*** Opening of Dataset content ***

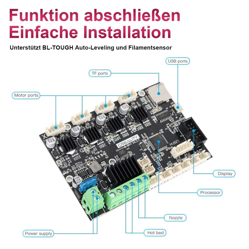 Плюсы: он действительно тихий. При первой печати это настоящий эффект Вау. Я не могу слышать шума от моторов, просто вентиляторы. Он предназначен для BL touch и датчика накаливания. На самом деле это plug and play (кроме экструдера). Предварительно установленная прошивка. Cons: мне нужно было вращать провода в экструдерном коннекторе, потому что экструдер бегал назад. Есть новый разъем micro-usb, поэтому мне нужно купить новый кабель для подключения к ПК (в старой материнской плате есть разъем mini-usb).
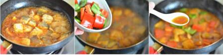 4.坐鍋倒油,油6成熱時(shí)將裹好生粉的魚塊放入,用中火煎至魚塊二面金黃,倒入調(diào)好碗汁,煮開后用小火燉10分鐘左右。加入青紅椒塊再加1小勺香油拌勻后即可出鍋。
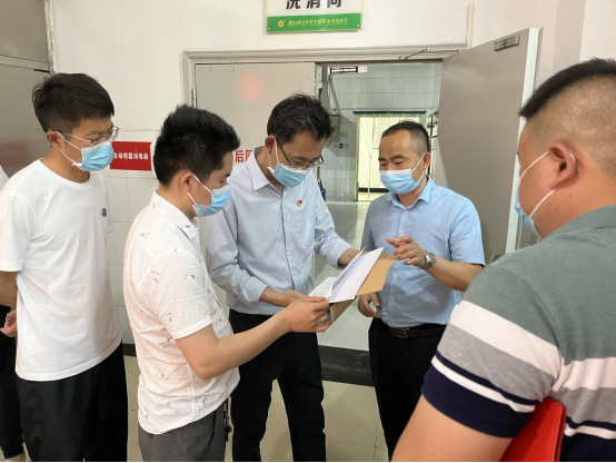 检查过程中,杜建松强调,食堂管理关系到学生饮食安全,特别是在疫情防控期间,校园实行封闭管理,食堂饭菜质量关系到学生的健康成长,关系到学生能否“吃饱、吃好”的问题,青年学生正处在长身体的关键时期,要把学生“吃饭”的事情当做头等大事来抓,让学生吃得放心、吃得健康,让学生家长放心。杜建松要求,一是要严格落实常态化疫情防控各项工作要求。切实落实学校关于疫情防控工作的部署,将学生的身体健康和生命安全放到第一位。食堂工作人员的健康关系到食品安全,与学生健康息息相关,要严守学校疫情防控制度。二是要管控好食堂就餐各个环节、重点区域。强化错峰就餐、有序就餐,定期开展全方位消杀,加强公共餐具消毒工作,保持环境清洁,确保学生就餐各环节安全。三是要严格落实食品安全各项要求。要从源头上把好食品安全关,做好物资储存,严把原材料采购和使用环节的安全,确保为全校师生提供安全放心的饮食保障。
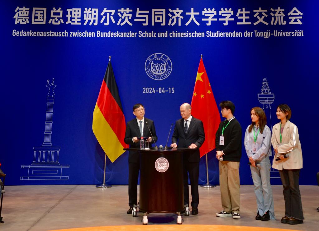 今天(4月15日),在华访问的德国总理奥拉夫·朔尔茨(Olaf Scholz)携代表团100余人访问同济大学,与近160名同济学子对话交流,寄望中德两国美好未来。中国驻德国大使吴恳和德国驻华大使傅融,以及来自西门子、科思创、宝马、奔驰等公司高管一同出席活动。

*** Close of Dataset content ***

• **Required action**
Would you return the data above exactly as written, minus the images?

• **Result of this exercise**
 Плюсы: он действительно тихий. При первой печати это настоящий эффект Вау. Я не могу слышать шума от моторов, просто вентиляторы. Он предназначен для BL touch и датчика накаливания. На самом деле это plug and play (кроме экструдера). Предварительно установленная прошивка. Cons: мне нужно было вращать провода в экструдерном коннекторе, потому что экструдер бегал назад. Есть новый разъем micro-usb, поэтому мне нужно купить новый кабель для подключения к ПК (в старой материнской плате есть разъем mini-usb).
 4.坐鍋倒油,油6成熱時(shí)將裹好生粉的魚塊放入,用中火煎至魚塊二面金黃,倒入調(diào)好碗汁,煮開后用小火燉10分鐘左右。加入青紅椒塊再加1小勺香油拌勻后即可出鍋。
 检查过程中,杜建松强调,食堂管理关系到学生饮食安全,特别是在疫情防控期间,校园实行封闭管理,食堂饭菜质量关系到学生的健康成长,关系到学生能否“吃饱、吃好”的问题,青年学生正处在长身体的关键时期,要把学生“吃饭”的事情当做头等大事来抓,让学生吃得放心、吃得健康,让学生家长放心。杜建松要求,一是要严格落实常态化疫情防控各项工作要求。切实落实学校关于疫情防控工作的部署,将学生的身体健康和生命安全放到第一位。食堂工作人员的健康关系到食品安全,与学生健康息息相关,要严守学校疫情防控制度。二是要管控好食堂就餐各个环节、重点区域。强化错峰就餐、有序就餐,定期开展全方位消杀,加强公共餐具消毒工作,保持环境清洁,确保学生就餐各环节安全。三是要严格落实食品安全各项要求。要从源头上把好食品安全关,做好物资储存,严把原材料采购和使用环节的安全,确保为全校师生提供安全放心的饮食保障。
 今天(4月15日),在华访问的德国总理奥拉夫·朔尔茨(Olaf Scholz)携代表团100余人访问同济大学,与近160名同济学子对话交流,寄望中德两国美好未来。中国驻德国大使吴恳和德国驻华大使傅融,以及来自西门子、科思创、宝马、奔驰等公司高管一同出席活动。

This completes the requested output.